INSTRUCTIONS FOR THE TASK
An unchanged copy of all the lines below is expected, and it should contain no pictures.

### SUPPLIED ENTRIES

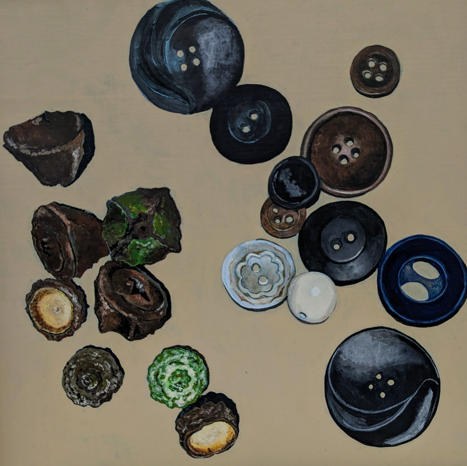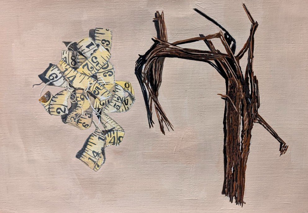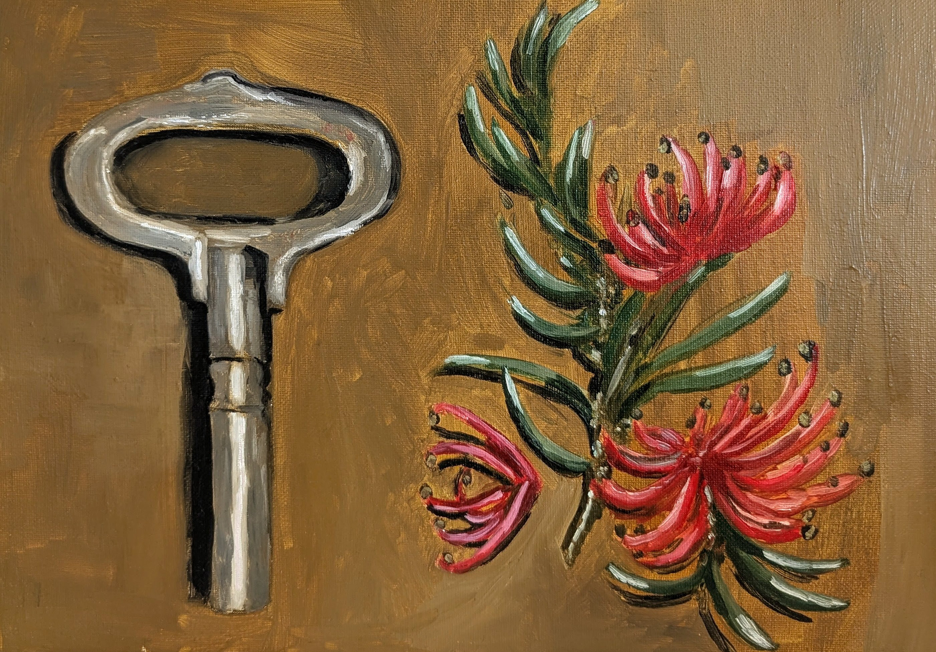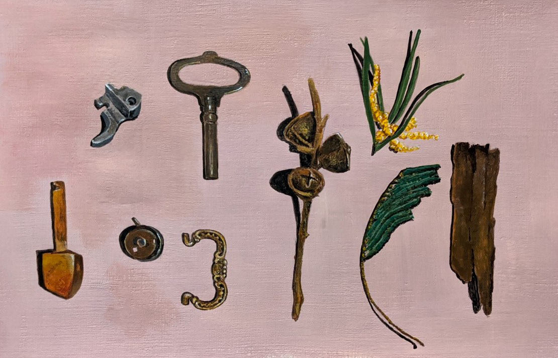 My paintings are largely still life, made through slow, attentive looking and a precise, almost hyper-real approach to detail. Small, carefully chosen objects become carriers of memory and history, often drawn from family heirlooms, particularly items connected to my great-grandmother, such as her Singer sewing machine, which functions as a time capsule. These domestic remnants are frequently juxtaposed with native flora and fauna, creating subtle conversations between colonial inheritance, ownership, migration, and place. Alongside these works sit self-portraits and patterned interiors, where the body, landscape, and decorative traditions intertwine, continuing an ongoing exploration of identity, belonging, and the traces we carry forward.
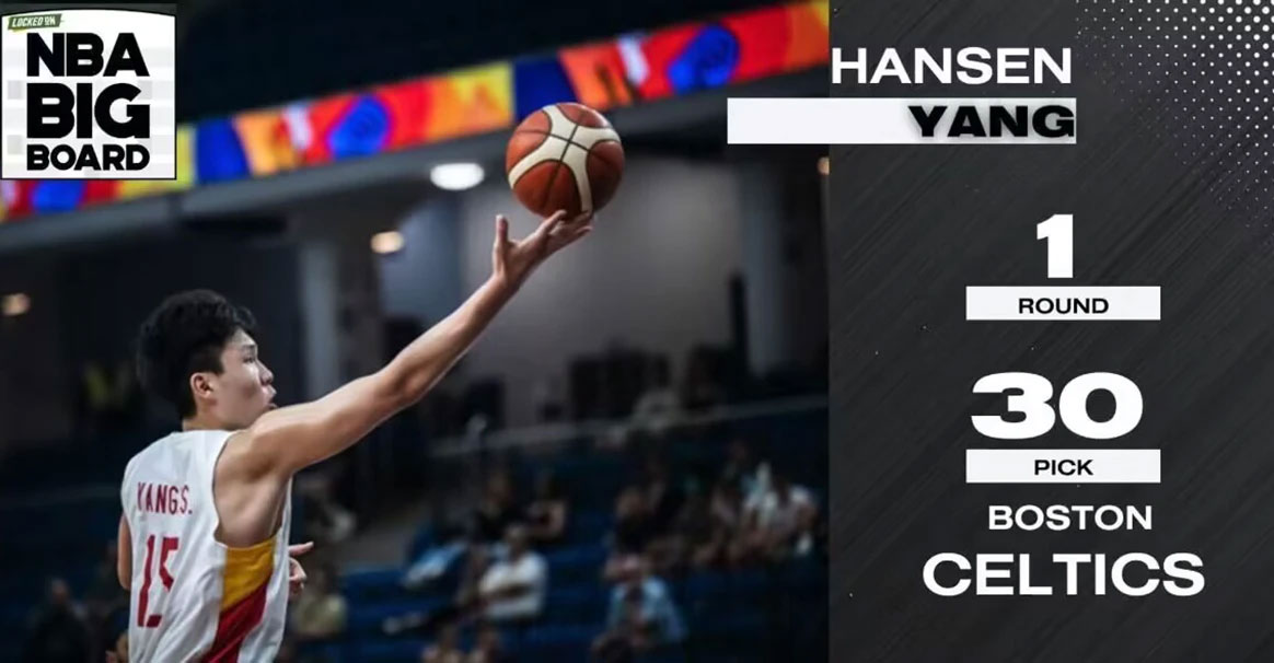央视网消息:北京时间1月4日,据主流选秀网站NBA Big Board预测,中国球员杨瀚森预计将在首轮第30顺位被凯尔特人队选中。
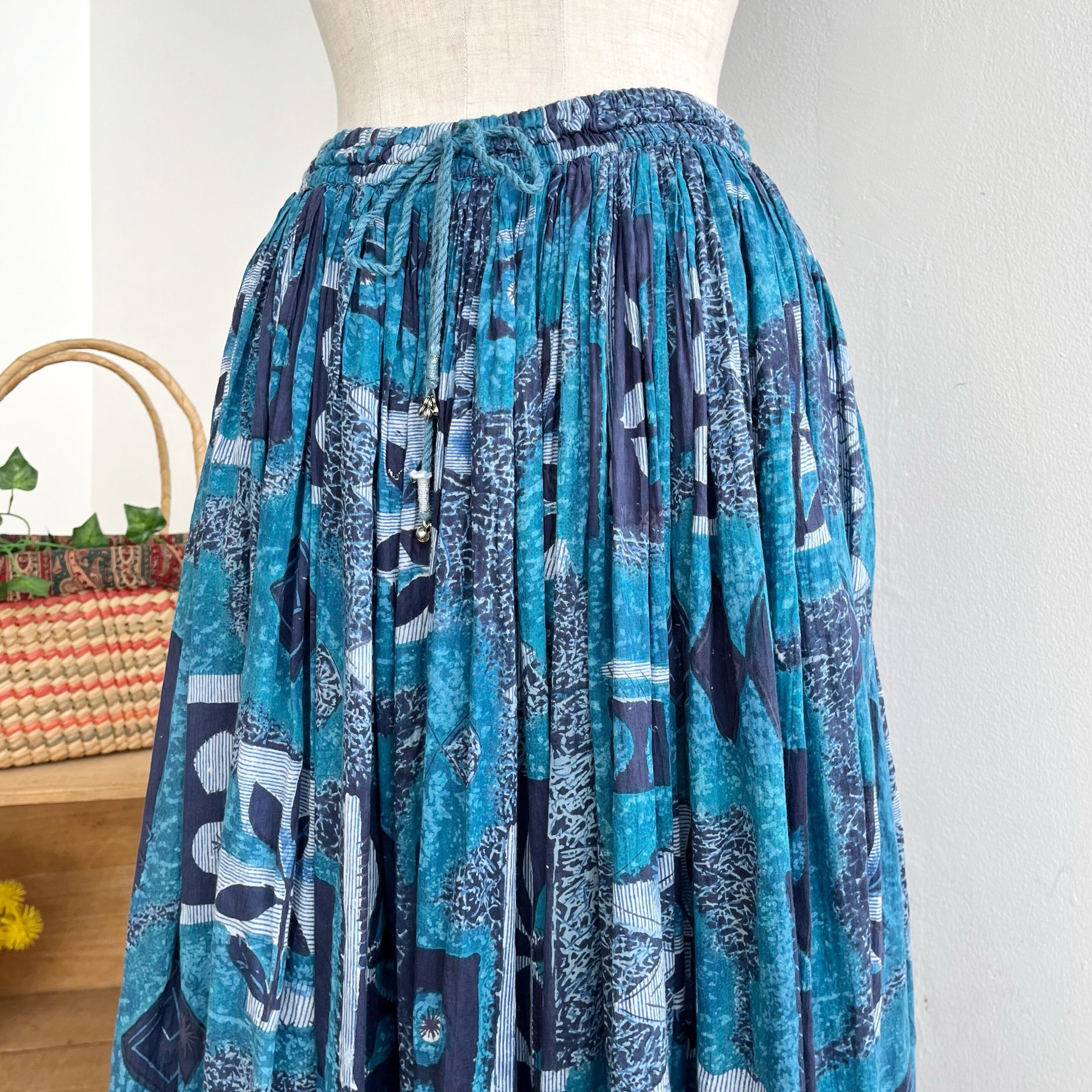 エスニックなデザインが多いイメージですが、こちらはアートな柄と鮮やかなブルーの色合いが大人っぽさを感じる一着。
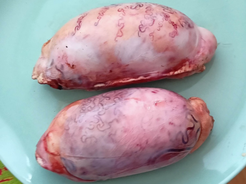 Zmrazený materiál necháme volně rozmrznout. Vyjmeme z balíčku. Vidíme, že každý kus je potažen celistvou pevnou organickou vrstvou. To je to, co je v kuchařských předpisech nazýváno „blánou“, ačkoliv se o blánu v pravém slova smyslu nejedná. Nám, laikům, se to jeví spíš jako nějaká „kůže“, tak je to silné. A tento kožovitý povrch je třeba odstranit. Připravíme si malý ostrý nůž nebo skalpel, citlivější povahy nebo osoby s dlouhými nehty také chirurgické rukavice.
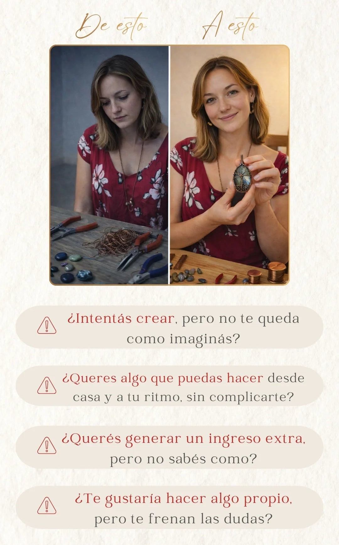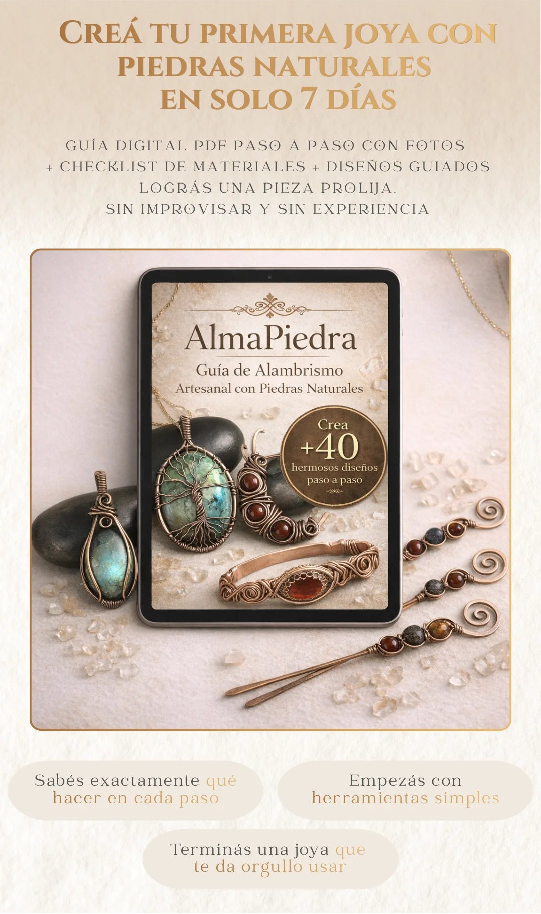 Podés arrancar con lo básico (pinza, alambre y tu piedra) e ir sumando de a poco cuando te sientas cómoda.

######

SOLVED PROBLEM
 My paintings are largely still life, made through slow, attentive looking and a precise, almost hyper-real approach to detail. Small, carefully chosen objects become carriers of memory and history, often drawn from family heirlooms, particularly items connected to my great-grandmother, such as her Singer sewing machine, which functions as a time capsule. These domestic remnants are frequently juxtaposed with native flora and fauna, creating subtle conversations between colonial inheritance, ownership, migration, and place. Alongside these works sit self-portraits and patterned interiors, where the body, landscape, and decorative traditions intertwine, continuing an ongoing exploration of identity, belonging, and the traces we carry forward.
央视网消息:北京时间1月4日,据主流选秀网站NBA Big Board预测,中国球员杨瀚森预计将在首轮第30顺位被凯尔特人队选中。
 エスニックなデザインが多いイメージですが、こちらはアートな柄と鮮やかなブルーの色合いが大人っぽさを感じる一着。
 Zmrazený materiál necháme volně rozmrznout. Vyjmeme z balíčku. Vidíme, že každý kus je potažen celistvou pevnou organickou vrstvou. To je to, co je v kuchařských předpisech nazýváno „blánou“, ačkoliv se o blánu v pravém slova smyslu nejedná. Nám, laikům, se to jeví spíš jako nějaká „kůže“, tak je to silné. A tento kožovitý povrch je třeba odstranit. Připravíme si malý ostrý nůž nebo skalpel, citlivější povahy nebo osoby s dlouhými nehty také chirurgické rukavice.
 Podés arrancar con lo básico (pinza, alambre y tu piedra) e ir sumando de a poco cuando te sientas cómoda.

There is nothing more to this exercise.